Author Topic: putting the geometric back into geometetric series (Read 833 times) Tweet Share

kamil9876 · « **on:** September 12, 2009, 11:29:21 pm »

Let OA=1 and OP is perpendicular to the big hypotenuse. In fact all the little hypotenuses are perpendicular to the big hypotenuse. Let $\theta=<POA$ .

One can now show with simple trigonometry and geometry that a consequence of this is that $AD=sin^2\theta$ . Because the geometrical nature is recursive(ie the pattern of the triangles keeps repeating infinitely) one can show that the base of the next triangle is $sin^4\theta$ and the next one is $sin^6\theta$ etc....

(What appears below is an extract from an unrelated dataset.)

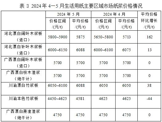 2024年5月,河北漂白闊葉木漿板(進(jìn)口)平均價格上漲,且漲幅達(dá)到162元/t。廣西地區(qū)各類紙漿5月平均價格保持相對穩(wěn)定。川渝地區(qū)漂白竹漿板價格略有上漲,本色竹漿板價格略有下降。 2024年5月紙漿價格變化情況具體如下,河北漂白闊葉木漿板(進(jìn)口)平均價格上漲162元/t,為5875元/t。河北漂白針葉木漿板(進(jìn)口)平均價格上漲13元/t,為6088元/t。廣西漂白闊葉木漿板(進(jìn)口)平均價格為5700元/t。廣西本地漂白桉木濕漿(絕干計)平均價格為5700元/t,均與4月持平。 非木漿原料中,川渝漂白竹漿平均價格上漲38元/t,為6088元/t,川渝本色竹漿平均價格下降44元/t,約4581元/t。廣西漂白蔗渣濕漿(絕干計)平均價格4750元/t,與4月持平。 具體變化情況見表3。
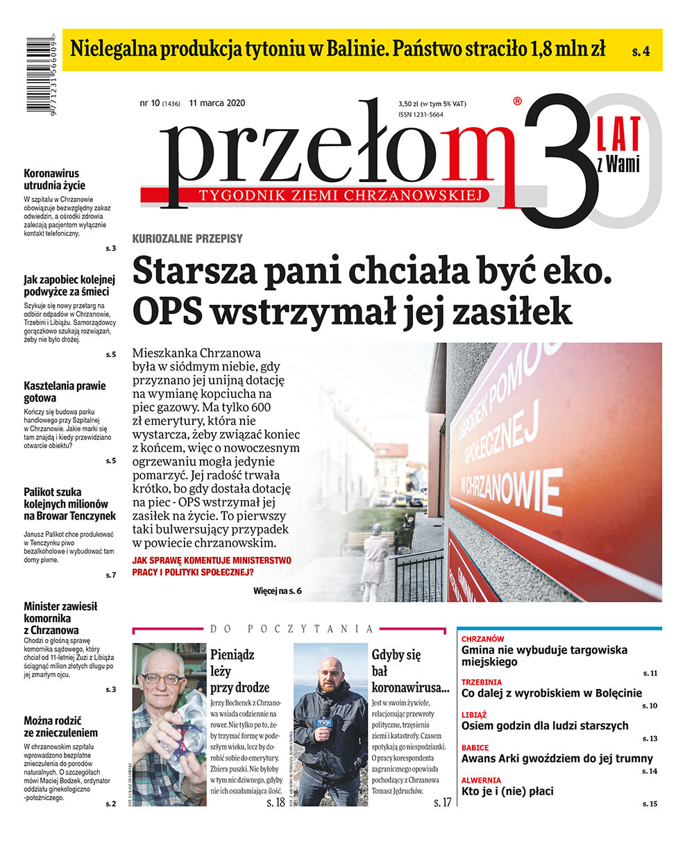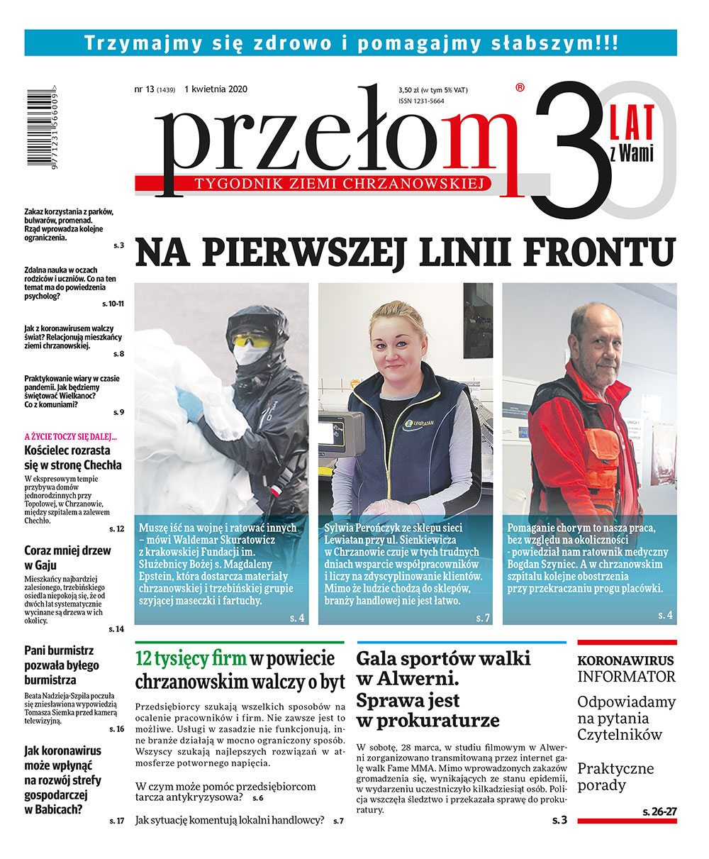 „Przełom” jest jedną z najlepszych i największych gazet lokalnych w Polsce. Powstał 16 września 1990 r. i ukazuje się nieprzerwanie do dziś. Zasięgiem obejmuje obecnie pięć gmin powiatu chrzanowskiego: Alwernię, Babice, Chrzanów, Libiąż i Trzebinię oraz gminę Krzeszowice w powiecie krakowskim i gminę Chełmek w powiecie oświęcimskim. W 1994 r. zdobył I nagrodę IDEE (Fundacji na Rzecz Demokracji w Europie Wschodniej, a w 2000 r. tytuł gazety 10-lecia sygnowany przez premiera rządu RP i ministra kultury. Tytuł dwukrotnie nagradzany przez Narodowy Fundusz Ochrony Środowiska, w 2000 r. zdobył I nagrodę w konkursie dla gazet mających największy wpływ na kształtowanie świadomości ekologicznej. * E-wydanie online (flash, html, html5)

Therefore the length of the base of the big triangle is equal to the sum of the little bases:

$S=1+sin^2\theta+sin^4\theta.... $

With geometry one may now work out that: $OB=\frac{1}{sin\theta cos\theta}$ and that the big hypotenuse is: $\frac{OB}{cos\theta}=\frac{1}{sin\theta cos^2\theta}$ .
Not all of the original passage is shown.